Introduction

This document describes the output produced by the pipeline.

Pipeline overview

The pipeline is built using Nextflow and processes data using the following steps:

Expression Atlas

Output files
  • expressionatlas/
    • List of accessions found when querying Expression Atlas: accessions.txt.
    • A list of count datasets and experimental designs download from Expression Atlas. Normalized datasets have the normalized.csv while not normalized datasets have the raw.csv extension.

Deseq2

Output files
  • normalization/deseq2/
    • List of newly normalized datasets

EdgeR

Output files
  • normalization/edger/
    • List of newly normalized datasets

GProfiler IDMapping

Output files
  • idmapping/
    • Count datasets whose gene IDs have been mapped to Ensembl IDs (suffix renamed.csv).
    • Correspondencies between original gene IDs and Ensembl IDs (suffix mapping.json.)

Variation coefficient

Output files
  • variation_coefficients/
    • An ordered list from the most stable (first line) to the least stable gene in variation_coefficients.csv.
    • All normalized counts (for each gene and each sample) in all_normalized_counts.csv.

Pipeline information

Output files
  • pipeline_info/
    • Reports generated by Nextflow: execution_report.html, execution_timeline.html, execution_trace.txt and pipeline_dag.dot/pipeline_dag.svg.
    • Reports generated by the pipeline: pipeline_report.html, pipeline_report.txt and software_versions.yml.

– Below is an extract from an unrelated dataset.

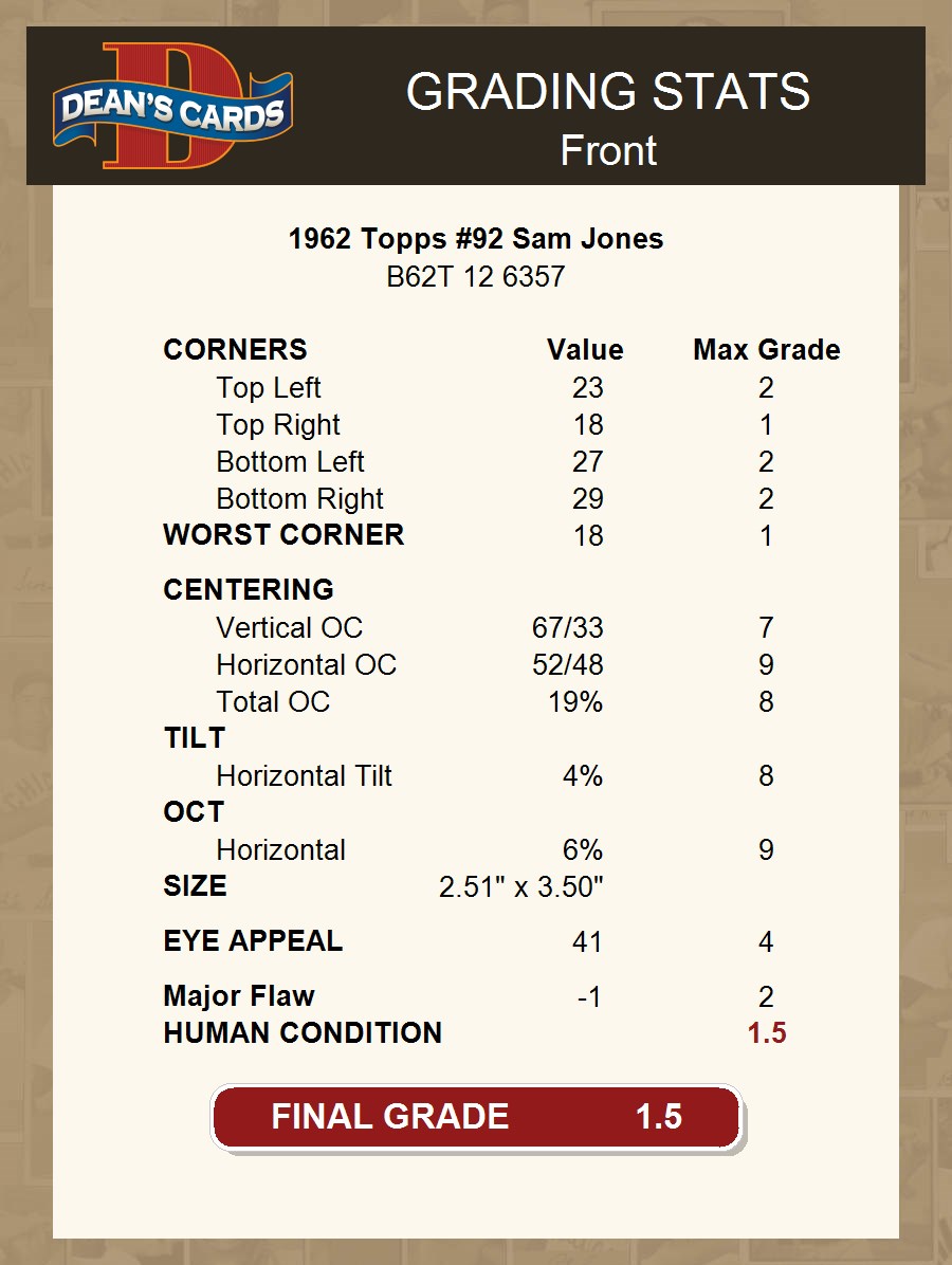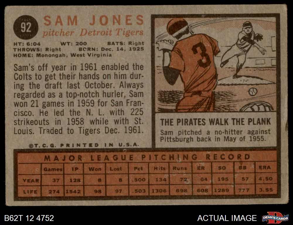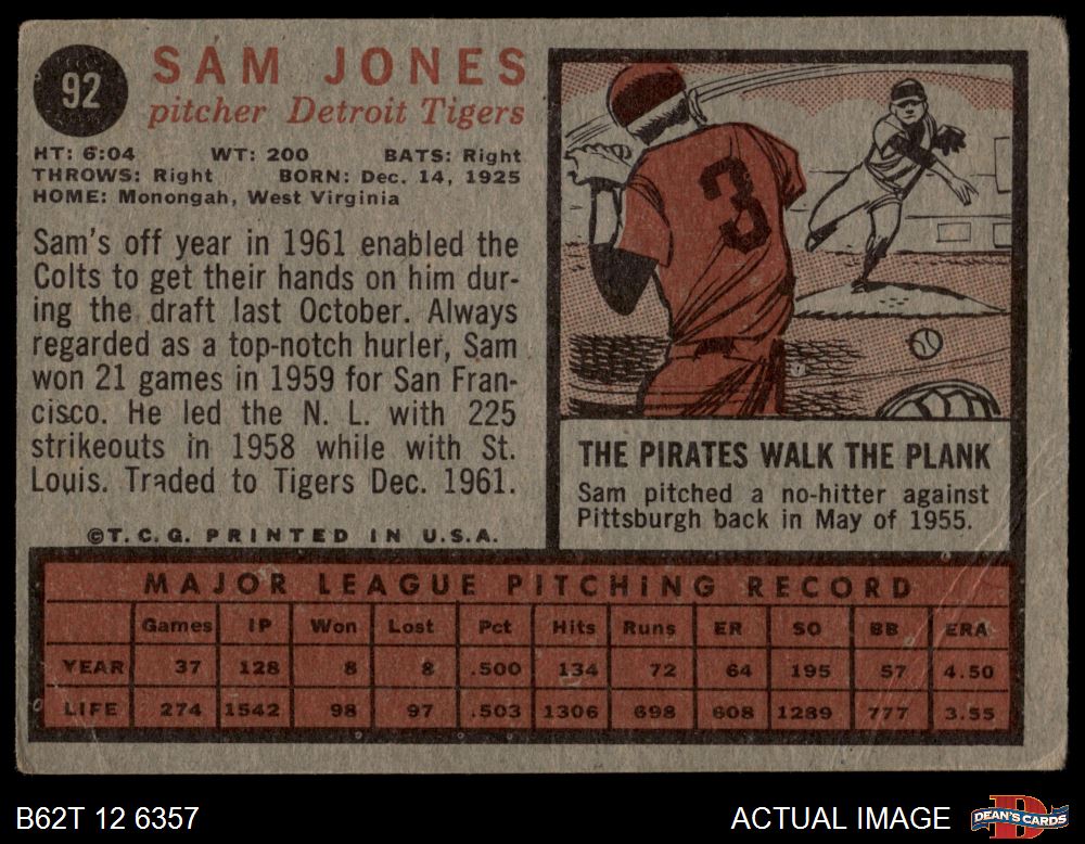 1962 Topps #92 Sam Jones 1.5 - FAIR

The pipeline_report* files will only be present if the --email / --email_on_fail parameter’s are used when running the pipeline.
    • Parameters used by the pipeline run: params.json.

Nextflow provides excellent functionality for generating various reports relevant to the running and execution of the pipeline. This will allow you to troubleshoot errors with the running of the pipeline, and also provide you with other information such as launch commands, run times and resource usage.